Not all the stories from that book have been translated into English, and the present electronic edition is meant as a sample of the original book. I hope that several friends of mine who cannot read in Portuguese will find here some material of interest. These are old stories, by chronological time, but I think that a story still unread is a story new.
Haunted may not be a story properly; some people would call it a fragment. Anyway, I chose it to be the opening text for the book, because it sets a tone, it evokes a mood of nocturnal disquietude, it alludes to images of beasts and of metamorphoses which will produce echoes in other stories further on.
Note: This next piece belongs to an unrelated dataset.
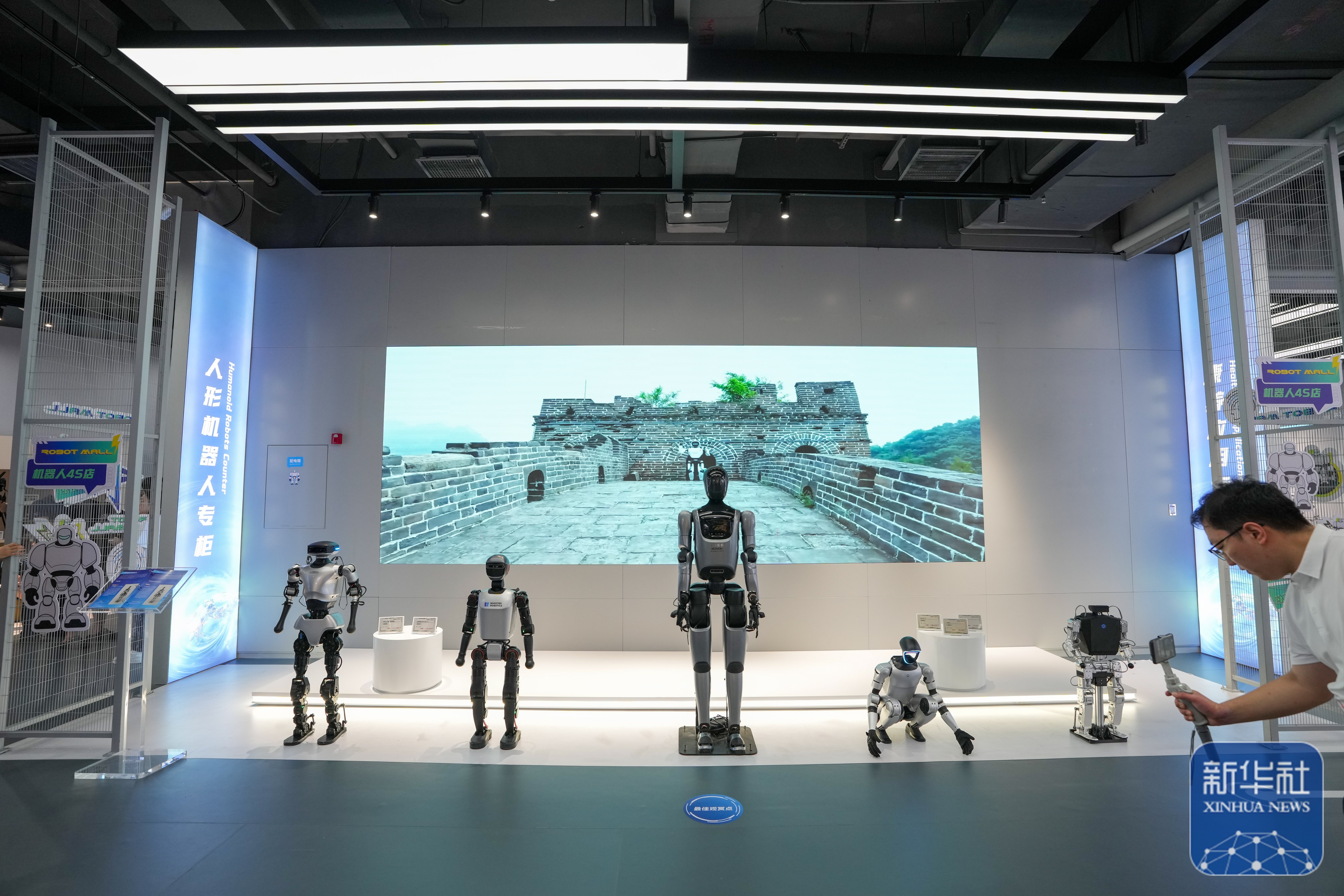 ↑ 在位于北京经开区机器人大世界的全球首个具身智能机器人4S店(ROBOT MALL)内,观众参观展出和可供出售的人形机器人(8月6日摄)。

Sympathy for the Devil was inspired by several discussions among members of Rio de Janeiro's "Science Fiction Readers Club" (CLFC) in which we debated how to concoct new variants of the old deal-with-the-Devil theme. I tried to give my version a psychological bent ("it's-all-inside-the-mind"), in an otherwise formulaic story.
Stuntmind may be my most translated story (it has so far appeared in English, French and Russian) and I think it reflects my reading of the so-called New Wave authors, back in the 1980s. Anyway, its most immediate inspiration was Damon Knight's "Stranger Station" (1956), which gave me one basic idea. In 1991, I attended Clarion Workshop, and when I mentioned that influence to him, he was generous enough to say: "It is a story many times told".
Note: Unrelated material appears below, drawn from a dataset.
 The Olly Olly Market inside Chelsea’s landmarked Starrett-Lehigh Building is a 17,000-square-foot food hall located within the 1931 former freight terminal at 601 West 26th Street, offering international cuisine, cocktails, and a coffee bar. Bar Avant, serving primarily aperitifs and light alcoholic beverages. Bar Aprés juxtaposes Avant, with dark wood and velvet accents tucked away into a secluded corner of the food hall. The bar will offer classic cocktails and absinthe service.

The Lightning-Mirror in the Eye of the Cyclone belongs, like Stuntmind, to the Intrusos series, a cycle of stories about mankind's contact with a powerful and elusive alien race. Enough background information is given in both stories so as to place them in context; they are standalone stories, and all they have in common is the presence of the unknowable Outsiders.
These are stories written more than thirty years ago, and they are able to stand by themselves only because of my discussions with my CLFC friends, and the feedback I got from them. I myself translated all the stories, and in some cases I had precious tips and feedback from my Clarion colleagues. I am grateful to them all for their ideas and their critiques.